Water Bottles II - Video Solutions

Problem Overview: You start with numBottles full bottles and can exchange empty bottles for a new full one. The catch: after every exchange, the number of empties required increases by 1. The task is to compute the maximum number of bottles you can drink.

Approach 1: Iterative Simulation (Time: O(k), Space: O(1))

This approach directly simulates the process described in the problem. Start by drinking all initial bottles, which gives you the same number of empty bottles. While the number of empty bottles is at least the current exchange requirement (numExchange), perform an exchange: spend the required empties, gain one full bottle, drink it, and increase the exchange cost by one. Each iteration represents a single exchange operation. The logic is simple and mirrors the rules exactly, making it easy to reason about and implement using basic simulation. Time complexity is O(k), where k is the number of exchanges performed, and space complexity is O(1).

The key insight is that every exchange consumes cost empty bottles but returns one new empty after drinking the obtained bottle. The net change in empties per exchange is therefore -(cost - 1). As the required exchange cost keeps increasing, the loop eventually terminates when there are not enough empty bottles left.

Approach 2: Mathematical Optimization (Time: O(1), Space: O(1))

The simulation can be replaced with a mathematical observation. Suppose you perform k exchanges. The exchange costs form an increasing sequence: numExchange, numExchange + 1, ..., numExchange + k - 1. The total number of empty bottles spent is the sum of this arithmetic progression. Each exchange also produces one new empty bottle after drinking the obtained bottle. Using math, the remaining empty bottles after k exchanges can be expressed as:

empties = numBottles - (numExchange + (numExchange+1) + ... + (numExchange+k-1)) + k

This simplifies to numBottles - (k * numExchange + k(k-1)/2) + k. The valid number of exchanges is the largest k such that before each step you still have enough empties to pay the required cost. Solving this inequality allows you to compute k directly using arithmetic progression formulas. The final answer becomes numBottles + k. This approach eliminates iteration entirely and relies on arithmetic reasoning, which is common in problems tagged with Math.

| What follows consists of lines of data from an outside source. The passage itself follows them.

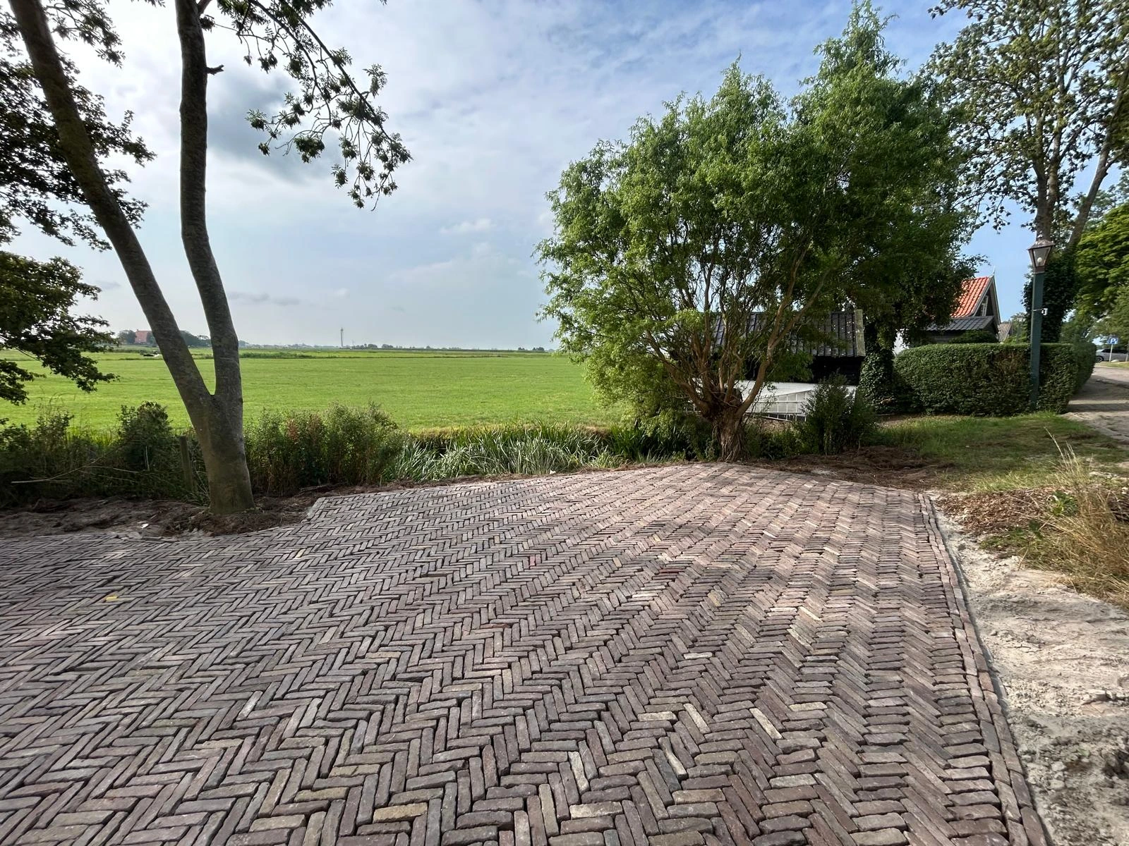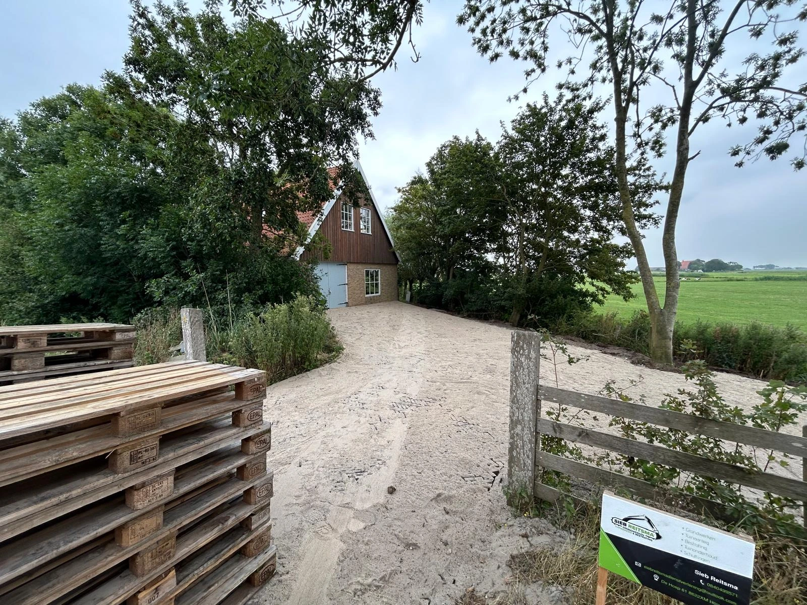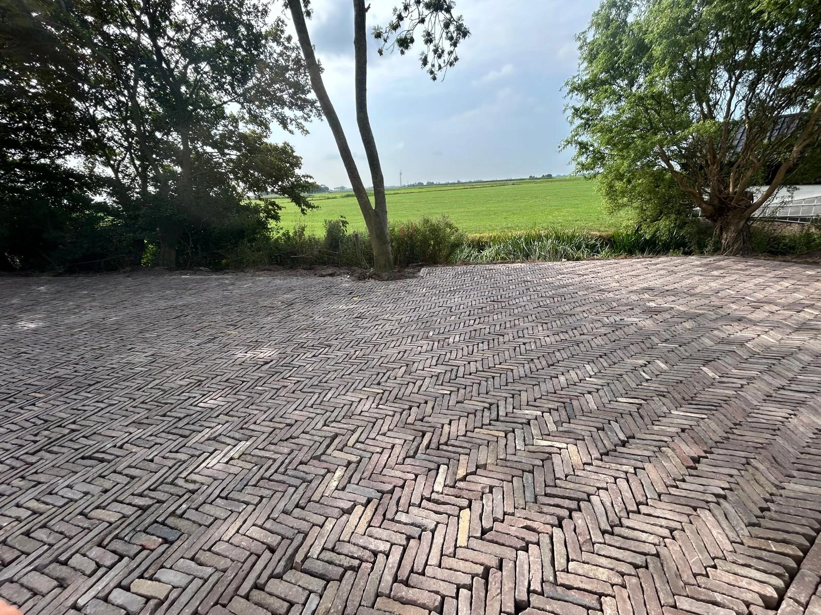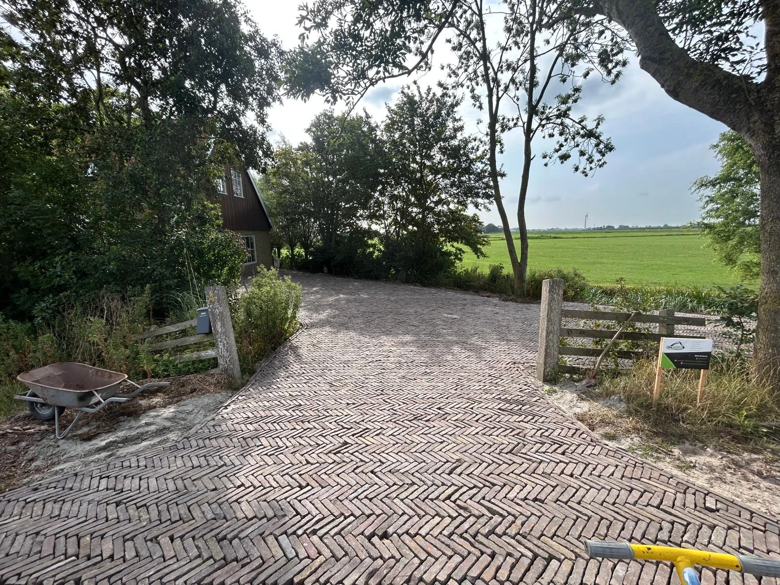 Voor deze klanten in Allingawier mochten wij de complete bestrating vernieuwen en uitbreiden. Er is gekozen voor een combinatie van antieke gebakken stenen (50 jaar oud) en Schelvis-tegels van 60×60 cm. In totaal is er ongeveer 250 m² aangelegd. Het resultaat mag er zijn!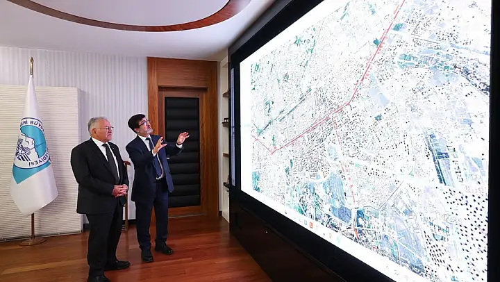 Başkan Memduh Büyükkılıç, Altyapı Yatırımları Genel Müdürü Dr. Yalçın Eyigün ile yeni raylı sistem hatlarını görüştü.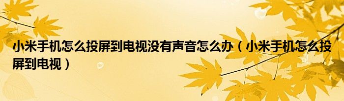 关于小米手机怎么投屏到电视没有声音怎么办,小米手机怎么投屏到电视这个很多人还不知道,今天菲菲来为大家解答以上的问题,现在让我们一起来看看吧!

Recommended for interviews: The iterative simulation is usually expected first because it clearly follows the rules of the problem and is easy to verify. It demonstrates solid reasoning and careful state updates. The mathematical optimization is a strong follow‑up that shows deeper insight into arithmetic progressions and constraint analysis. In most interviews, presenting the simulation first and then deriving the constant‑time optimization shows both correctness and problem‑solving depth.